DATASET EXCERPTS ->

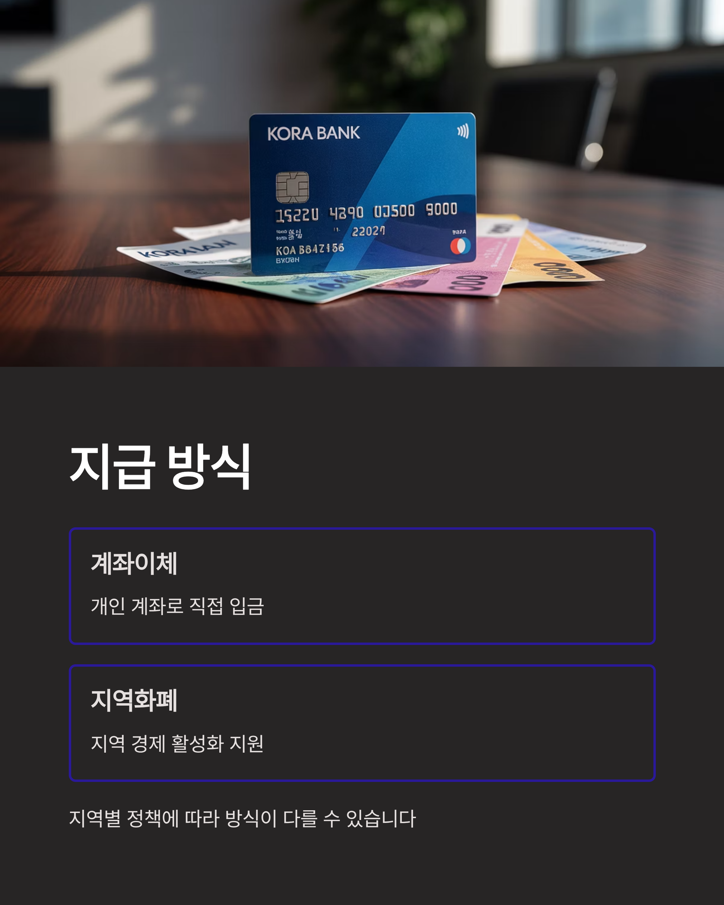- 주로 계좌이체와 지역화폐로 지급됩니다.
==
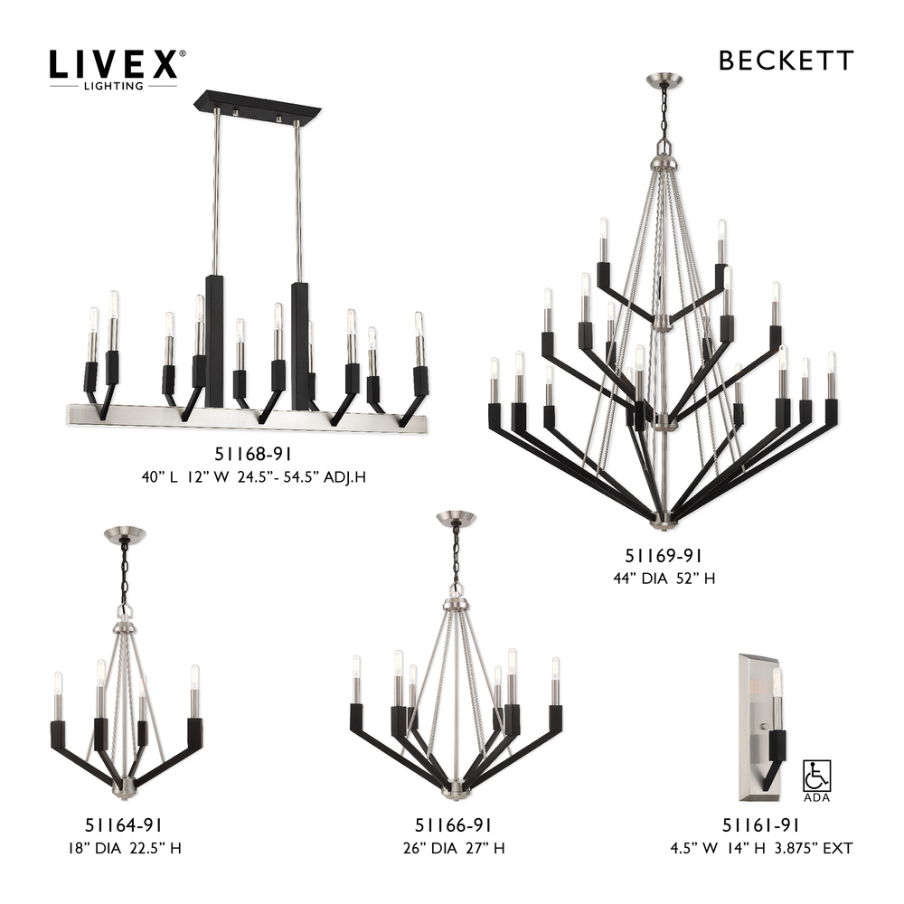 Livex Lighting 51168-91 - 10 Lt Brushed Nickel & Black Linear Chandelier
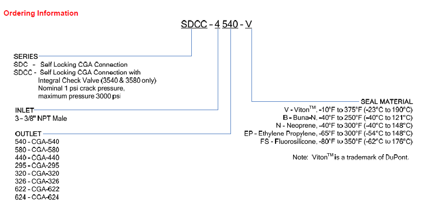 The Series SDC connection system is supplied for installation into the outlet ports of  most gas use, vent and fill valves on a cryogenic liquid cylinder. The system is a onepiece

PROBLEM TO WORK ON -> Repeat the lines above exactly, beginning with the one containing "Livex Lighting 51168-91" and finishing with the one containing "The Series SDC". No pictures belong in the copy.

SOLUTION FOR THIS PROBLEM ->
 Livex Lighting 51168-91 - 10 Lt Brushed Nickel & Black Linear Chandelier
 The Series SDC connection system is supplied for installation into the outlet ports of  most gas use, vent and fill valves on a cryogenic liquid cylinder. The system is a onepiece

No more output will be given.